| I ran into a practical limitation while working on ML feature engineering and multi-omics data. At some point, the problem stops being “how many rows” and becomes “how many columns”.
Thousands, then tens of thousands, sometimes more. What I observed in practice: - Standard SQL databases usually cap out around ~1,000–1,600 columns.
- Columnar formats like Parquet can handle width, but typically require Spark or Python pipelines.
- OLAP engines are fast, but tend to assume relatively narrow schemas.
- Feature stores often work around this by exploding data into joins or multiple tables. At extreme width, metadata handling, query planning, and even SQL parsing become bottlenecks. I experimented with a different approach:
- no joins
- no transactions
- columns distributed instead of rows
- SELECT as the primary operation With this design, it’s possible to run native SQL selects on tables with hundreds of thousands to millions of columns, with predictable (sub-second) latency when accessing a subset of columns.
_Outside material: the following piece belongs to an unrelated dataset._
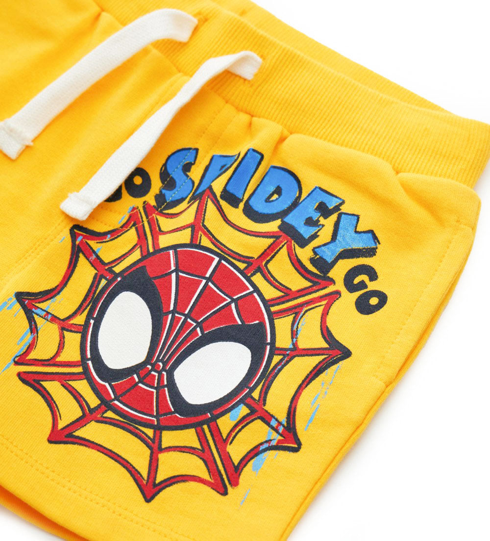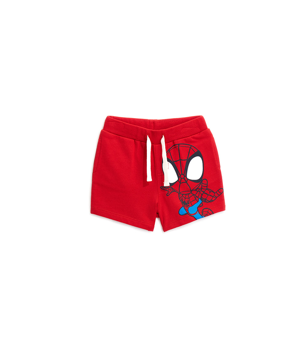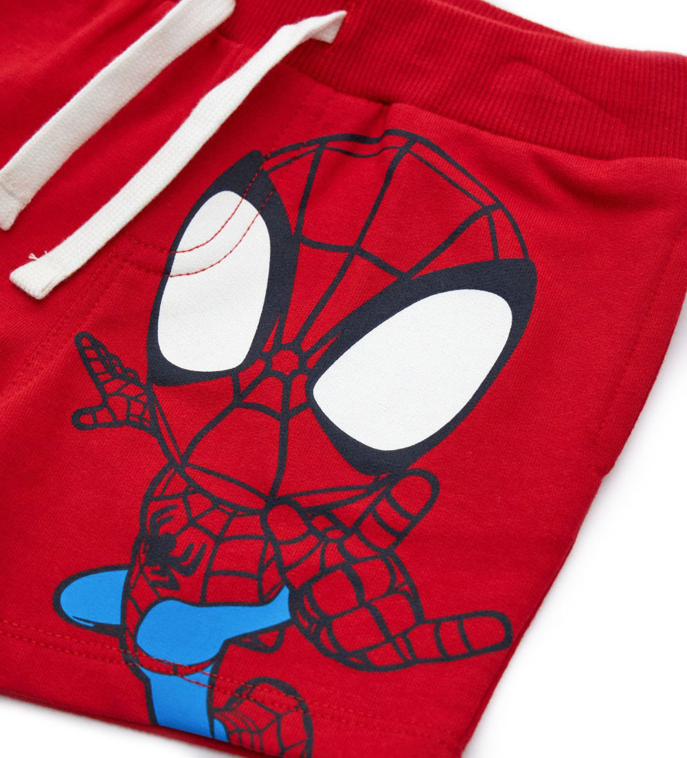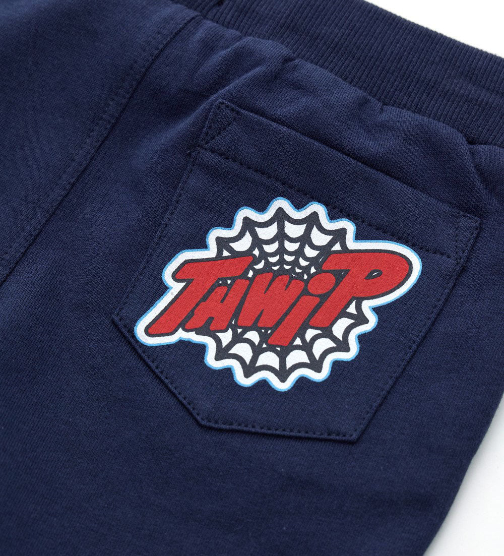 Bermuda Marvel en molleton de coton, taille élastique avec cordon de serrage réglable, poches avant et poche arrière plaquée.

On a small cluster (2 servers, AMD EPYC, 128 GB RAM each), rough numbers look like:
- creating a 1M-column table: ~6 minutes
- inserting a single column with 1M values: ~2 seconds
- selecting ~60 columns over ~5,000 rows: ~1 second I’m curious how others here approach ultra-wide datasets.
Have you seen architectures that work cleanly at this width without resorting to heavy ETL or complex joins? |
If you can drop the “distributed” part, then plug DuckDB (https://duckdb.org/) and query Parquet (out of the box) or Vortex (https://duckdb.org/docs/stable/core_extensions/vortex.html) with it.